Quelles politiques permettraient d’augmenter durablement le pouvoir d’achat des Français ? La réponse est bien connue de tous les économistes : le meilleur allié du pouvoir d’achat, c’est une croissance plus forte. En effet, un rythme de croissance plus soutenu engendre des revenus supplémentaires, que ce soit au travers de créations d’emplois ou de hausse des rémunérations permises grâce aux gains de productivité.  Mais la croissance ne se décrète pas ! Elle se construit dans la durée, au travers de politiques structurelles  de longue haleine (éducation, investissement dans la recherche-développement, etc).

Nous voyons ici que les décideurs politiques sont pris dans un véritable dilemme : les mesures de court terme comme le blocage des prix sont inefficaces mais donnent le sentiment du volontarisme politique ; les politiques de long terme sont efficaces mais ne répondent pas à l’impatience légitime d’une partie de la population.

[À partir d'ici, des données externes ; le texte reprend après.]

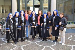 Borgomanero - La Georgia sbarca a Borgomanero. O meglio, i ragazzi di Tiblisi “restituiscono” la visita che i coetanei della Scuola Secondaria di Primo Grado “P. Gobetti” di Borgomanero hanno effettuato nei primi giorni di Novembre dello scorso anno. Il tutto nell’ambito dello scambio culturale Italia-Georgia. I ragazzi georgiani rimarranno in Città sino al prossimo mercoledì 15 aprile, ospiti di famiglie borgomaneresi. In questo periodo frequenteranno la scuola con i “colleghi” italiani, seguiti dalle professoresse Marina Tappa e Valentina Zanetta. Nella giornata di mercoledì 8 aprile, inaugurando la mostra fotografica inerente allo scambio culturale (rimarrà aperta sino al 10 aprile), hanno proposto alla cittadinanza le specialità dolciarie del loro paese improvvisando anche una danza tipica nel cortile di Palazzo Tornielli.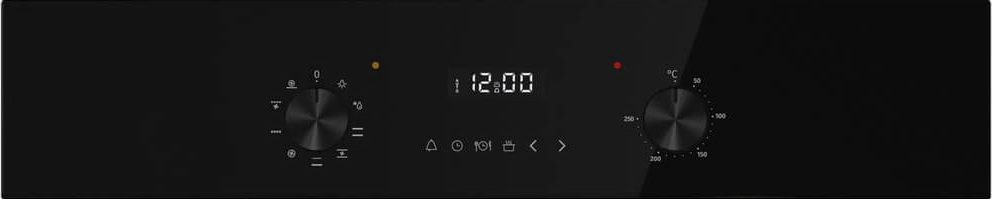 Особенности дизайна и внешней панели управления — также важный пункт при выборе духовки на кухню. В данной модели нужно обратить внимание на цвет — черный, охлаждение двери, чтобы поверхность и мебель вокруг не нагревались.
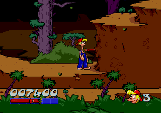 Bubba’n Stix est un jeu créé à la base sur Amiga. Nous sommes ici devant son portage sur Megadrive. Bubba’n Stix, même si je connais son existence, n’est pas un jeu auquel j’ai joué étant plus jeune. Je le découvre donc aujourd’hui, grâce à la magie du rétrogaming. Et bien croyez moi si vous le voulez, mais j’aime bien ce jeu. Vous dirigez un petit blondinet armé d’un espèce de bâton magique avec des yeux et vous devez finir les différents niveaux. Jusque là, on peut dire que c’est du classique. J’avance donc dans ce premier niveau qui s’avère être une forêt étrange dont les arbres ont des yeux et dont les buissons vous sautent à la gorge. Et là, au fur et à mesure que je progresse dans cette forêt, je comprends pourquoi la phrase « a strategy adventure » se trouve sur la jaquette du jeu. En effet, le jeu n’est pas dénué de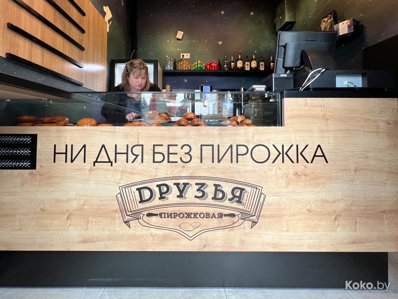 Главное, чтобы ни на что не присесть после них. Находится магазин пирожков «Друзей» на первом этаже лухари апарт-отеля «Либерти» через дверь от нового офиса «Доминос Пицца», за кинотеатром «Победа», где сейчас во всю идёт ремонт. Работает пирожковая по принципу магазина - взял сдобу, оплатил и давай, продолжай движение дальше. Пирожки и пиво сюда приезжают на машине, осталось лишь разогреть в микроволновке.
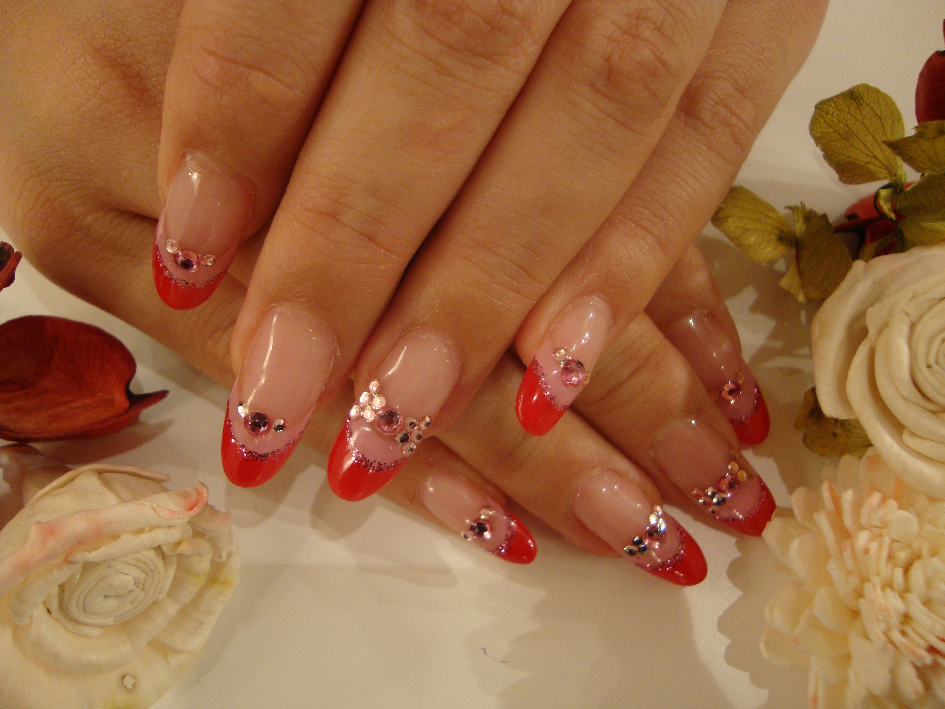 赤とピンクの境目にラメのラインを、ピンクとクリアの境目にピンク系のストーンを乗せてみました
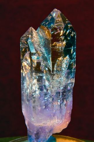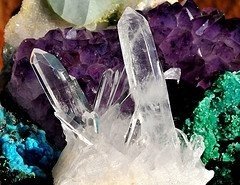The name crystal is derived from the Greek word "KRYSTALLOS" meaning ice or frozen water. Ancient belief, from the works of Pliny, is that rock crystal is formed by the action of extreme cold upon water over long periods of time in mountain caverns. The ladies in Rome carried rock crystal spheres in their hands to cool themselves in summer. To the Japanese people, rock crystal symbolized purity and the infinite patience. To them it was the perfect jewel. To the Western Church the desire to keep oneself free from stain and to have a pure faith. Rock crystal (quartz) is silicon dioxide (SiO2) grown into a single crystal. The atoms of the crystal are arranged in a helical pattern along with a vertical crystal axis. This helical pattern may be right-handed or left-handed. The right-handed crystal shows a pyramidal face on the top right hand corner of the prism face below the rhombohedral terminations. The left-handed crystal shows this face on the top left corner. The hardness of this material on a Moh's scale of 1 to 10 is 7. Specific gravity is 2.651 and the refractive index is 1.544 to 1.553. Crystals are found in nature as hexagonal prisms having rhombohedral terminations. Crystal is a trigonal quartz system, developing an electric current when heated. Quartz is also piezo electric, meaning it will generate an electric current when subjected to mechanical pressure. This property is used in pressure gauges, cigarette lighters and gas lighters found in many homes. When electric current is passed across a quartz crystal it becomes strained or deformed. This property is used in the movement of quartz clocks and watches. The fire used in Eleusian Mysteries was produced by laying rock crystal on wood chips so that the sun would shine through the crystal. The wood would first smoke and then burst into flame. This, claimed the Keepers of the Temple, was the best type of fire and most appreciated by the Gods. The Cherokee considered rock crystal to be a most powerful talisman that insured a successful hunt. Small crystal stones are utilized by the Australian aborigines in the preparation of talismans and amulets which they feel have the power to protect them from the demons which dwell in the bush and from the evil eye. Sir Walter Scott relates that the Highlanders call rock crystal the Stone of Power. In 1669 Nicolaus Steno, a Dane, wrote De Solido Intra Solidum Naturaliter. He rejected the rock crystal ice theory. He realized that crystals grew by the addition of new layers, the particles of which came out of a solution. The largest recorded single crystal is about 20 feet long, several feet thick and weighing about 40 tons.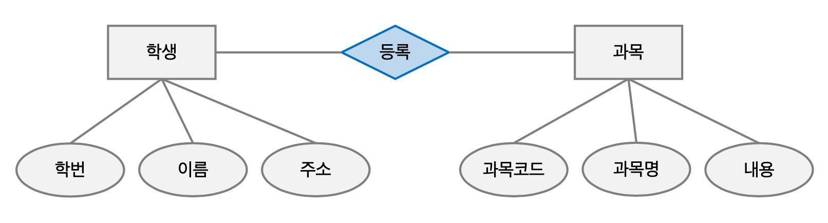 | 대리키(Surrogate Key) | 식별자가 너무 길거나 여러개의 속성으로 구성되어 있는 경우에 인위적으로 추가할 식별자 |

Mais ce dilemme n’est pas insurmontable : une solution consiste à miser sur des réformes qui ont à la fois un effet visible et durable. En la matière, il existe un outil qui a fait ses preuves depuis bien longtemps : la concurrence. La concurrence engendre un double dividende : elle offre aux consommateurs des prix plus bas et des produits plus variés aujourd’hui ; elle stimule la croissance et l’emploi demain. Et tout cela sans grever les finances publiques.

Lorsque l’on évoque la concurrence et les baisses de prix, la crainte qui s’exprime aussitôt est celle du bon curseur, du bon dosage : jusqu’où doit-on aller ? Si la baisse de prix doit se traduire par une diminution de la qualité intrinsèque du produit –la sécurité par exemple- ou par une application au rabais du droit du travail, il s’agit d’une politique en trompe l’œil : ce que les consommateurs gagnent en prix, ils le perdent en tant que salariés ou en termes de qualité.

Mais le renforcement de la concurrence n’implique pas nécessairement de sacrifier la qualité ou le droit des salariés sur l’autel des prix bas : il suffit pour cela de mettre en place des règles du jeu et de les faire respecter. Ne soyons pas frileux au point de refuser toute concurrence, au motif qu’elle peut engendrer parfois des dérives ou des excès. Tout est question de dosage et de régulation.